DIRECTIONS FOR THIS TASK:
Print exactly, and only, the lines from the one containing "Wir präsentieren eine" through the last line of the records below, both included; leave out the pictures.

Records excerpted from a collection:
>>
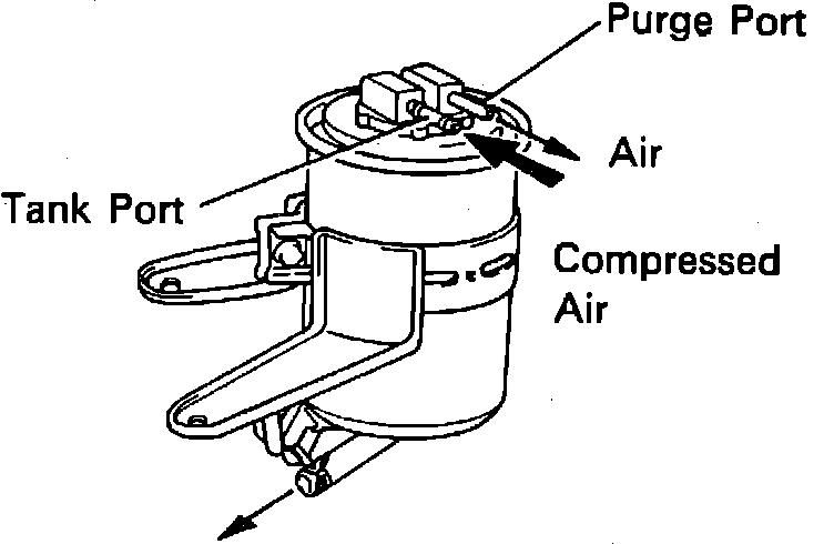 5. Check the canister check valve by blowing air into the purge pipe inlet. Air should NOT flow through other pipes.
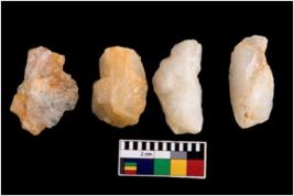 | Description / विवरण | Four flakes; most of them are tapering at one end with few having sharp edges. |
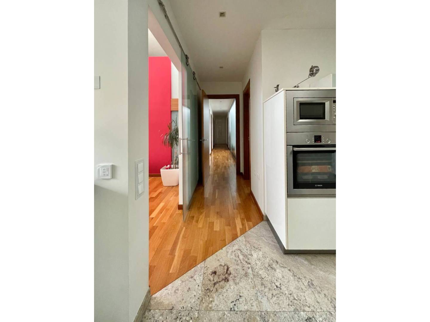 Wir präsentieren eine luxuriös renovierte Villa mit einer Wohnfläche von 325 Quadratmetern, die sich auf einem Grundstück von 400 Quadratmetern befindet. Dieses wunderbare Anwesen wurde mit hochwertigen Materialien wie natürlichem Travertinstein und Eichenparkett gestaltet, was ihm eine elegante und anspruchsvolle Note verleiht.
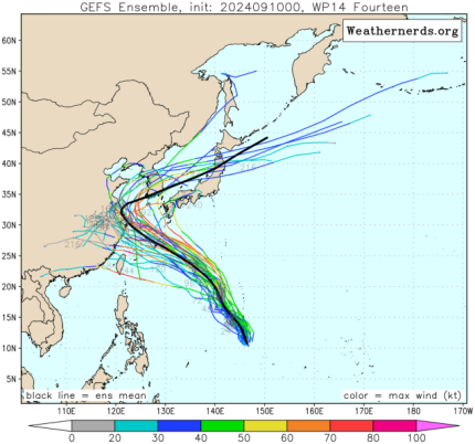 ▶다만, 그 이후를 내다보는(그래서 향후 수정 여지도 큰) 다중앙상블(GEFS) 모델을 살펴보면 태풍 버빙카 또는 풀라산이 현재의 북서진 경로를 좀 더 연장, 중국 상하이 일대로 향한다는 전망이다.
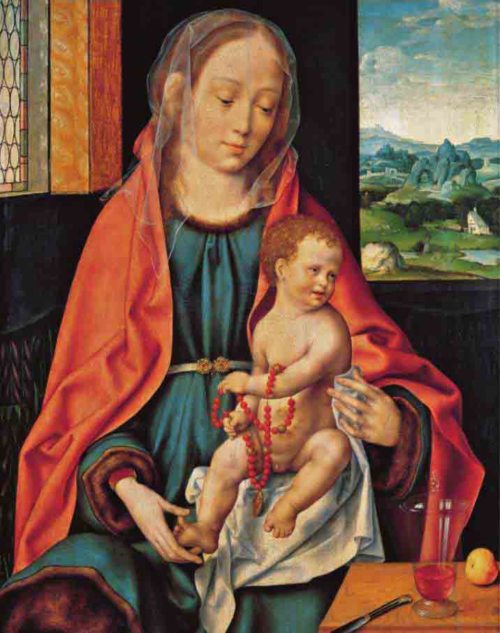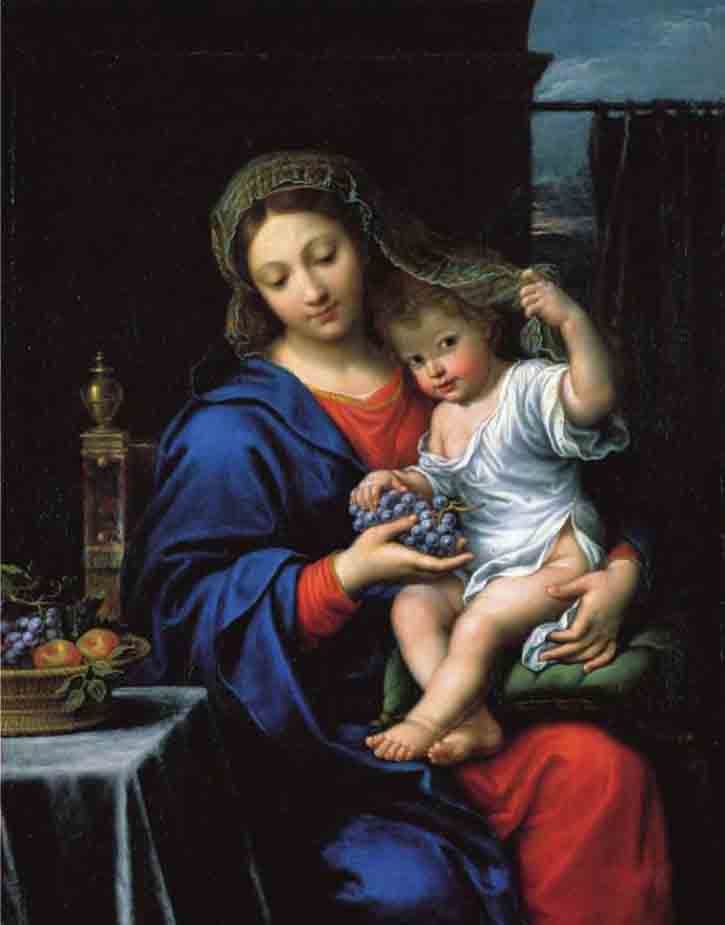 皮埃尔·米尼亚尔(Pierre Mignard)的《持葡萄的圣母》(Virgin of the Grapes)中的葡萄则截然不同。这些葡萄不仅仅是马利亚给自己学步孩子的可口零食,更象征未来的基督受难。圣餐变体(面包与葡萄酒圣变为基督的体与血)是天主教弥撒的核心内容,因此,17世纪的观者可以轻易辨识葡萄的含义。这个象征直白易懂,然而米尼亚尔让圣子用温柔的手势玩弄着母亲的头巾,还特意用一幅窗帘半遮住他们身后的风景,好像在暗示还有什么事物尚待揭晓。这一概念也被扬·达维茨·德·黑姆以一种优美但颇直截了当的方式运用在《水果花环中的圣餐》(Eucharist in Fruit Wreath,另见第247页)中,还被雨果·凡·德尔·格斯运用在《波尔蒂纳里祭坛画》(The Portinari Altarpiece,另见第60~61页)中;我们可以在《波尔蒂纳里祭坛画》里看到,它采用了诸多更为复杂的植物象征手法。米尼亚尔意欲呈现的显然并非一个谜题,而是人类之间亲切愉快的互动。
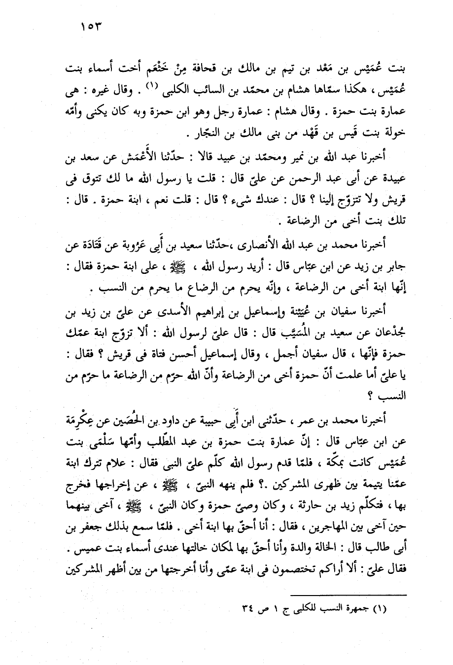 أخبرنا سفيان بن عُيَيْنة وإسماعيل بن إبراهيم الأسدى عن عليّ بن زيد بن جُدْعان عن سعيد بن المُسَيَّب قال: قال عليّ لرسول الله: ألا تزوّج ابنة عمّك حمزة فإنّها، قال سفيان أجمل، وقال إسماعيل أحسن فتاة في قريش؟ فقال: يا عليّ أما علمت أنّ حمزة أخى من الرضاعة وأنّ الله حرّم من الرضاعة ما حرّم من النسب؟
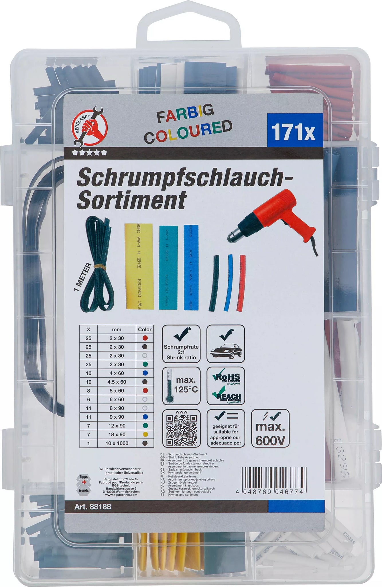 Krympslang-sortiment | Kulörta | 171 delar. BGS Diy 88188
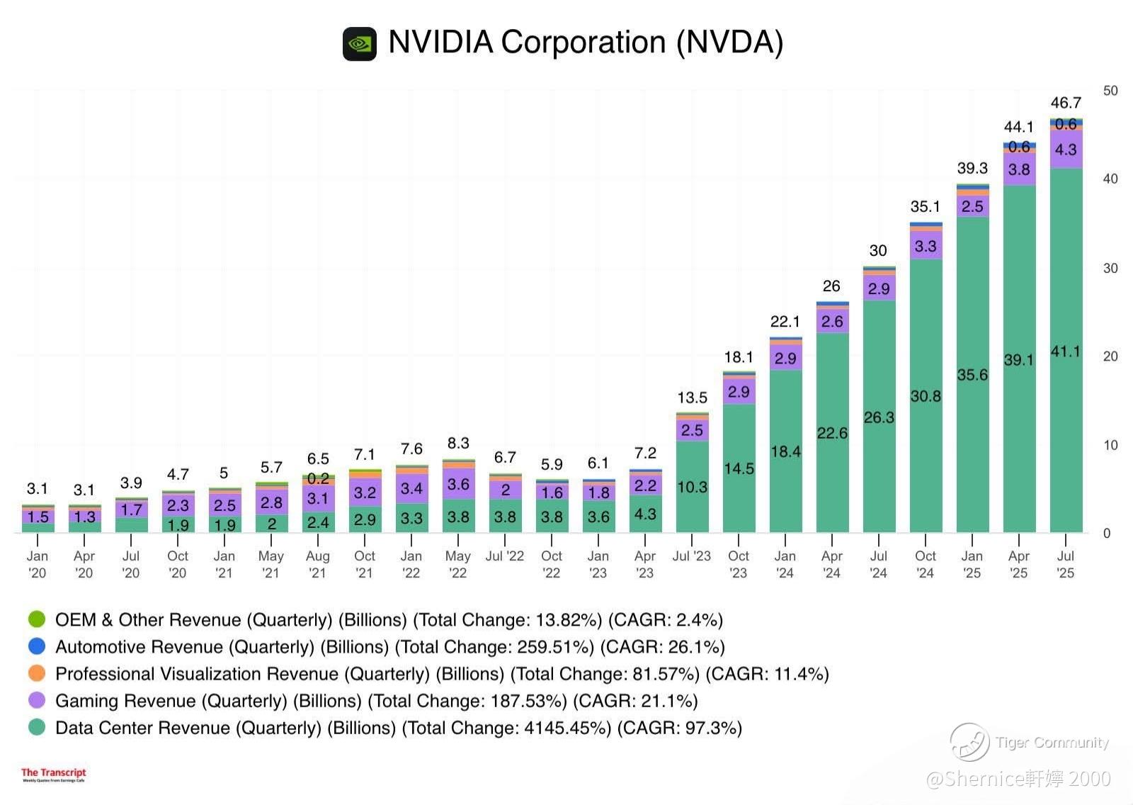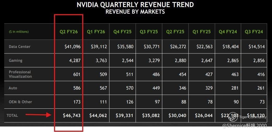 Total revenue: $46.74B, beating estimates of $46.23B (+56% YoY, but only +1.1% vs. forecast, growth momentum slowing)
<<
RESPONSE:
 Wir präsentieren eine luxuriös renovierte Villa mit einer Wohnfläche von 325 Quadratmetern, die sich auf einem Grundstück von 400 Quadratmetern befindet. Dieses wunderbare Anwesen wurde mit hochwertigen Materialien wie natürlichem Travertinstein und Eichenparkett gestaltet, was ihm eine elegante und anspruchsvolle Note verleiht.
 ▶다만, 그 이후를 내다보는(그래서 향후 수정 여지도 큰) 다중앙상블(GEFS) 모델을 살펴보면 태풍 버빙카 또는 풀라산이 현재의 북서진 경로를 좀 더 연장, 중국 상하이 일대로 향한다는 전망이다.
 皮埃尔·米尼亚尔(Pierre Mignard)的《持葡萄的圣母》(Virgin of the Grapes)中的葡萄则截然不同。这些葡萄不仅仅是马利亚给自己学步孩子的可口零食,更象征未来的基督受难。圣餐变体(面包与葡萄酒圣变为基督的体与血)是天主教弥撒的核心内容,因此,17世纪的观者可以轻易辨识葡萄的含义。这个象征直白易懂,然而米尼亚尔让圣子用温柔的手势玩弄着母亲的头巾,还特意用一幅窗帘半遮住他们身后的风景,好像在暗示还有什么事物尚待揭晓。这一概念也被扬·达维茨·德·黑姆以一种优美但颇直截了当的方式运用在《水果花环中的圣餐》(Eucharist in Fruit Wreath,另见第247页)中,还被雨果·凡·德尔·格斯运用在《波尔蒂纳里祭坛画》(The Portinari Altarpiece,另见第60~61页)中;我们可以在《波尔蒂纳里祭坛画》里看到,它采用了诸多更为复杂的植物象征手法。米尼亚尔意欲呈现的显然并非一个谜题,而是人类之间亲切愉快的互动。
 أخبرنا سفيان بن عُيَيْنة وإسماعيل بن إبراهيم الأسدى عن عليّ بن زيد بن جُدْعان عن سعيد بن المُسَيَّب قال: قال عليّ لرسول الله: ألا تزوّج ابنة عمّك حمزة فإنّها، قال سفيان أجمل، وقال إسماعيل أحسن فتاة في قريش؟ فقال: يا عليّ أما علمت أنّ حمزة أخى من الرضاعة وأنّ الله حرّم من الرضاعة ما حرّم من النسب؟
 Krympslang-sortiment | Kulörta | 171 delar. BGS Diy 88188
 Total revenue: $46.74B, beating estimates of $46.23B (+56% YoY, but only +1.1% vs. forecast, growth momentum slowing)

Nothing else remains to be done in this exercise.